Jill Culiner Photo A Sad Summer in Biarritz

Born in New York, raised in Toronto, Jill Culiner has lived in England, Holland, Greece, Turkey, Germany and Hungary, keeping body and soul together by delivering newspapers, belly dancing, translating, tour guiding and a great many other tedious jobs. She presently resides in a small French village, similar to the not very pleasant one presented in her mystery, Slanderous Tongue.

For her non-fiction work, Finding Home in the Footsteps of the Jewish Fusgeyers, she crossed Romania on foot tracing the path of immigrants bound for North America at the end of the 19th century. The book won the Tannenbaum Prize for Canadian Jewish History in 2005 and was short-listed for the ForeWord magazine prize.

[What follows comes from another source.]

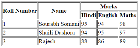 - We can merge the table rows using rowspan and we can merge a table column using colspan.

As a photographer, her exhibition concerning the First and Second World Wars, La Mémoire Effacée, has toured France, Canada and Hungary under the auspices of UNESCO and the French Ministry of Foreign Affairs. As an artist/creator of social critical objects, her work has been exhibited throughout France and Germany, in Spain, England, Switzerland and Poland. It now fills La Boule d’Or, a former café/hotel transformed into a peculiar mini museum open to the public. Its wild garden (much to the distress of close neighbours) is a reserve for birds, butterflies, insects and reptiles.

She has spoken to genealogical and historical groups throughout the United States and Canada, has worked as a broadcaster for Radio France. An amateur musician (flute, piccolo, oboe, oboe d’amore, English horn) she plays in several orchestras and chamber groups.